Katrine recounted this proudly, glad to have the opportunity to show me just how ethical she was, but I didn't quite know what to think. I supposed surely it was better not to take money and hope from somebody you knew you were less likely to help, but Katrine's casual acceptance of our clients’ racism unsettled me.

 *

Katrine's home life was a mystery. Money never seemed to be something she thought about, but, as I began to monitor the business's finances, it became more unclear how she had enough to live off—let alone too cover the many, mostly international, impromptu holidays she took a year.

When Katrine was travelling, the office's productivity would grind to a halt, not because the rest of us became lazy, but because without her, we couldn't bring in new clients, or coach old ones, or really do anything but tread water. The structure of the business meant that the majority of its income came from a client interaction with Katrine. Each time Katrine went away, Yana would grow more frustrated with the business, would spend more time “working from home”. I grew used to being in the office alone.

When Katrine returned she would always have a convoluted story about sorting out her family's properties, show off a new purchase, and gift us each a body scrub. She would also usually return with important pronouncements on how to change or expand the business that I quickly learned to ignore. We had become, or had always been, a hobby, a diversion for her.

 *

At some point, though I'm not sure when, I started wearing a dupatta most days. On days I worked, I would pull my scarf back off my head to sit round my neck as I crossed from the street to the office. Everybody at Dining Table knew I was Muslim and had been almost performatively accepting of it. It wasn't that I thought I would be fired, that they would pull off my headscarf to dramatically reveal themselves as Pauline Hanson voters; I just dreaded having to talk about it at all.

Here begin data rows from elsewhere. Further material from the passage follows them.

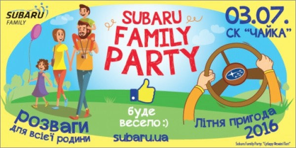 Компания «Субару Украина», официальный дистрибьютор автомобилей Subaru, приглашает всех почитателей марки и ее фанатов на спорткомплекс «Чайка» под Киевом: 3 июля 2016 года здесь в четвертый раз пройдет ежегодный семейный фестиваль Subaru Family Party.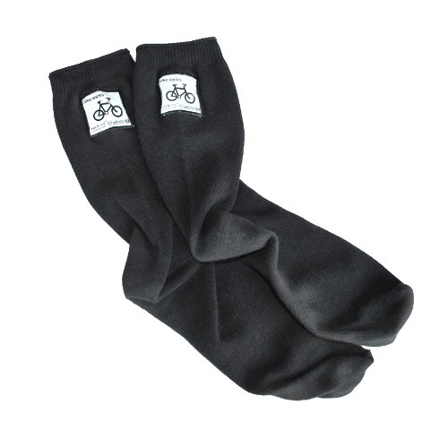 Here's a bright idea for bicyclists who ride at night: Reflective Biker Socks have a reflective bicycle patch sewn onto the back of each sock. At night, simply tuck your pants legs into your socks to avoid jamming the chain. The reflective patches catch the headlights coming from behind, to make you more visible to approaching motorists. Includes one pair of black unisex socks with reflective patches. Made of a breathable, stretchable cotton/elastine fabric blend. One size fits all.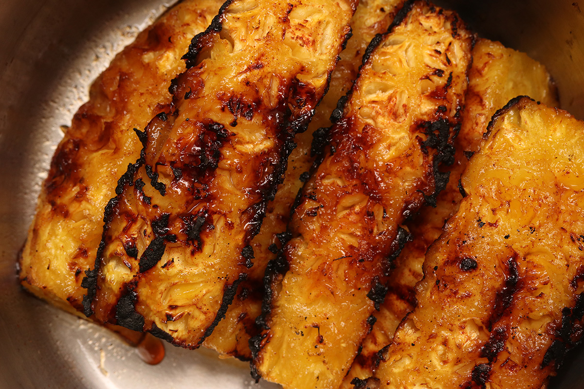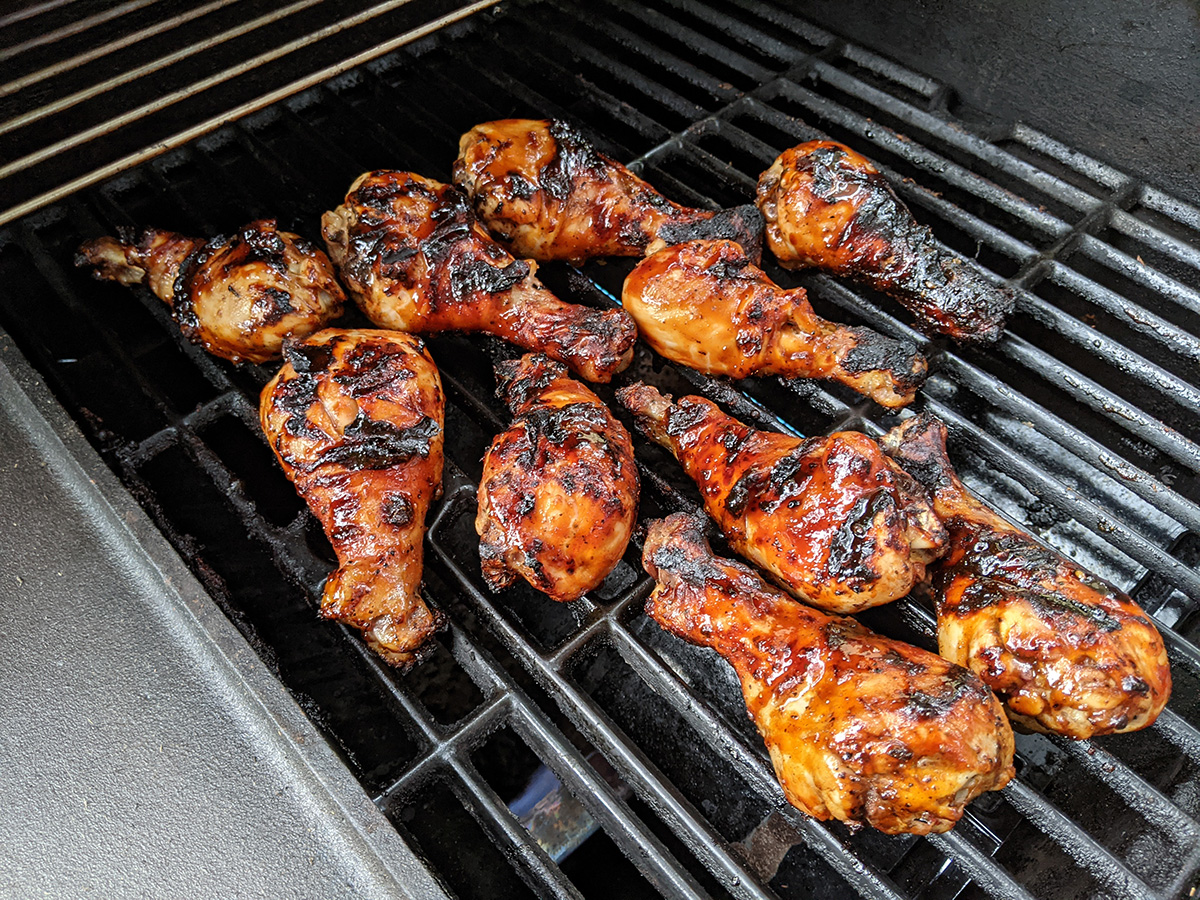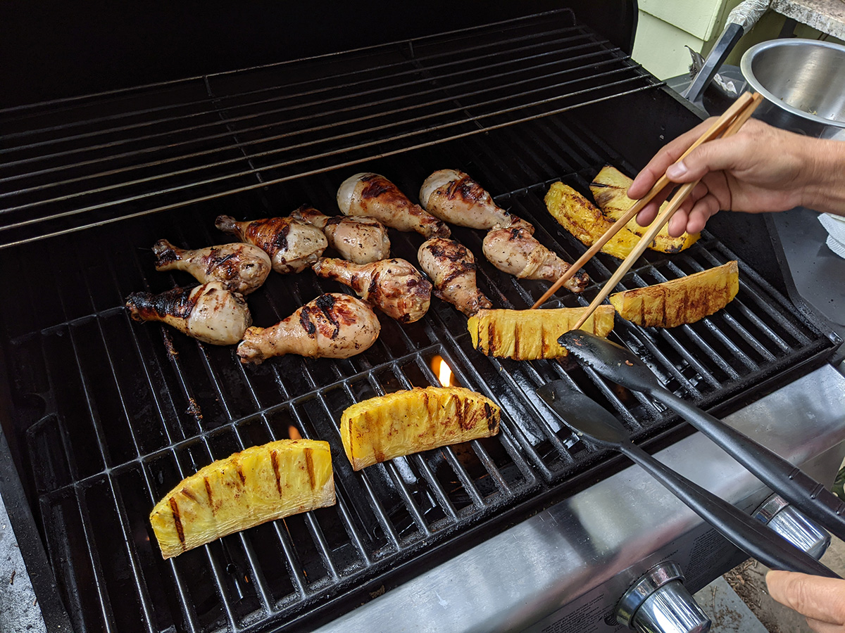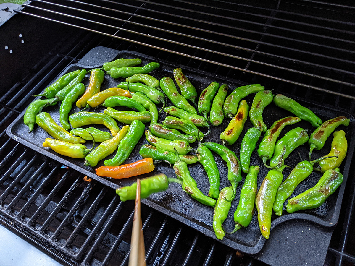 around 5pm my father started grilling some food for dinner: drumsticks and pineapples, followed by shishito peppers. earlier my mother had marinated the chicken, but in something that smelled very much like italian dressing, so there was a strong vinegary smell and taste. afterwards i brushed it with sauce but i must've had a brain fart because i used korean barbecue sauce instead of our usual thai sweet chili sauce. i think they came out okay, but the vinegary marinade was a little overpowering. the pineapples were just marinated in some sugar and cinnamon, when the secret ingredient is melted butter. it was for the best we didn't add the butter, because the pineapple themselves were a little tart. afterwards we put a retangular cast-iron griddle and grilled a bunch of shishito peppers that had previously been tossed with some olive oil. we also sprinkled some sea salt for flavor. i believe this is our first time using this griddle that i found. we have a round cast-iron one but it doesn't fit inside of the barbecue grill. while waiting for the food to finish cooking, we saw a palm warbler hanging out in the pine tree - yellow with a reddish brown cap. that reminds me of the carolina wren i saw hiding in the yew bush yesterday.

While there were a few clients I had a fondness for, it was generally not a mystery why the people who signed up for Dining Table were single. Our customers were frequently rude, bizarre, or grounded in fantasy. As “the writer” of the office, I was tasked with preparing firm and professional responses to the more troubling messages. Most of the time, it was related to no-shows—explaining that we couldn't take responsibility for table partners that had cancelled last minute—and I quickly prepared a range of templates depending on the tone and specific concerns that were being responded to. Katrine and Yana encouraged me to be more cutthroat in my response to women, due to the glut in our database. I grew accustomed to which clients would complain as a rule, and perfected a tone of chirpy concern that tended to temper them.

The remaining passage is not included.